Large Language Model (LLM) search agents have shown strong promise for knowledge-intensive language tasks through multiple rounds of reasoning and information retrieval. Most existing systems access information using a retriever that takes a keyword or natural language query and returns a ranked list of documents using an index of pre-computed document representations. In this work, we explore a complementary perspective in which the search agent treats the corpus itself as the search environment and finds evidence by issuing executable shell commands.

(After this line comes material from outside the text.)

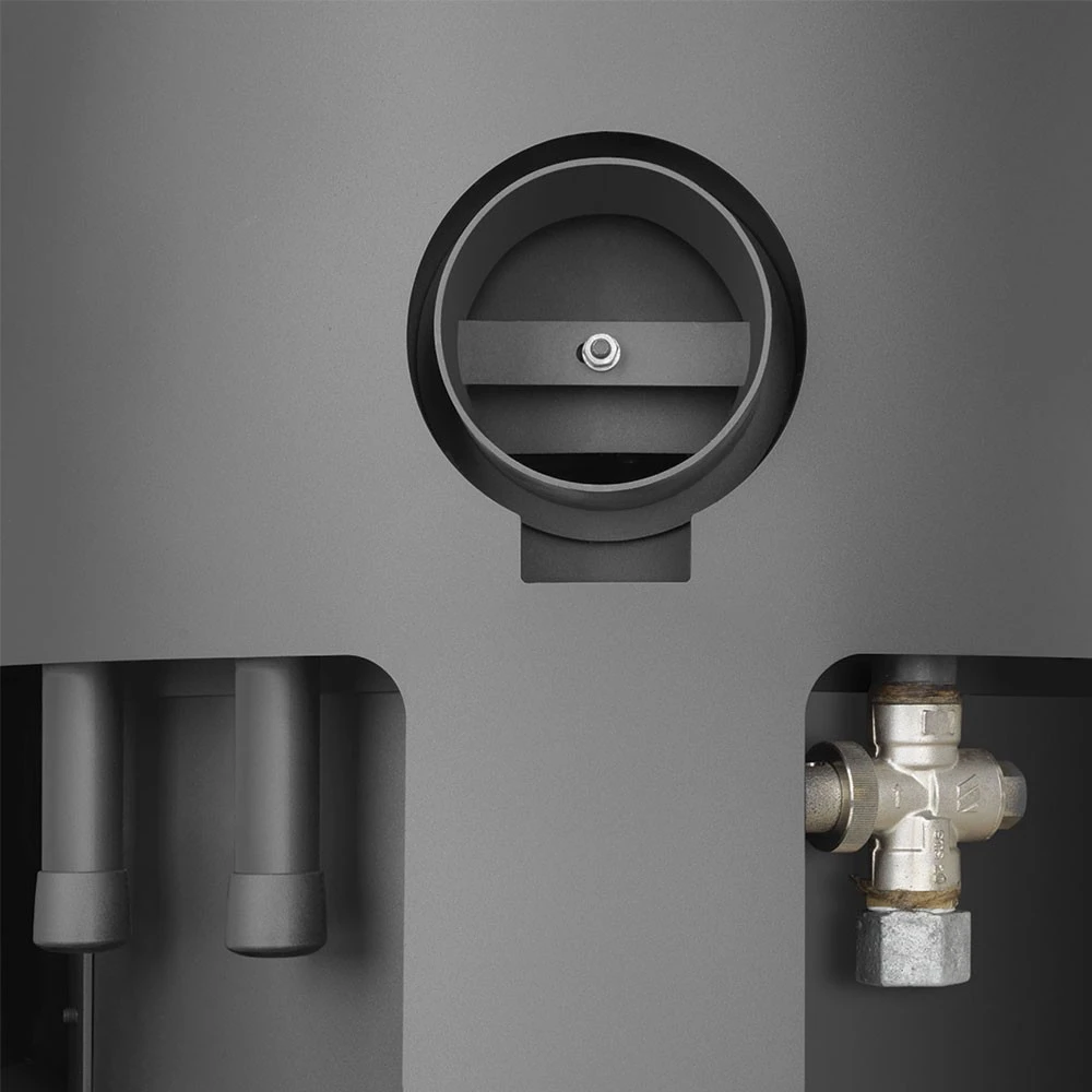 Der wasserführende Kaminofen Island Aqua bietet die Möglichkeit, durch seinen integrierten Wasser-Wärmetauscher, einen Teil der produzierten Wärmeleistung in das Zentalheizungssystem einzuspeisen. Auch die Anbindung an die Brauchwassererwärmung ist möglich, die Anschlüsse für Heizung bzw. Brauchwasser befinden sich dezent hinter einer Rückwand des Ofens.

We introduce GrepSeek, an optimized direct corpus interaction (DCI) search agent that trains a compact search agent to find, filter, and compose evidence from large text corpora. To address the instability of learning behavior directly with reinforcement learning on large corpora, we propose a two-stage training pipeline. First, we construct a cold-start dataset using an answer-aware Tutor and answer-blind Planner to generate verified, causally grounded search trajectories. Second, we refine the initialized policy with Group Relative Policy Optimization (GRPO), allowing the agent to improve its task-oriented search behavior through direct interaction with the corpus. To make DCI practical at scale, we further use a semantics-preserving sharded-parallel execution engine that accelerates shell-based retrieval by up to $7.6\times$ while preserving byte-exact equivalence with sequential execution of the shell command. Experiments across seven open-domain question answering benchmarks show that GrepSeek achieves the strongest overall token-level $F_1$ and Exact Match. Our analysis also highlights the limitations of purely lexical interaction on queries with substantial surface-form variation, suggesting DCI as a practical and competitive method for search agents that can complement existing retrieval paradigms in the real world.

Generated from available metadata and abstract on 2026-07-14 using Claude.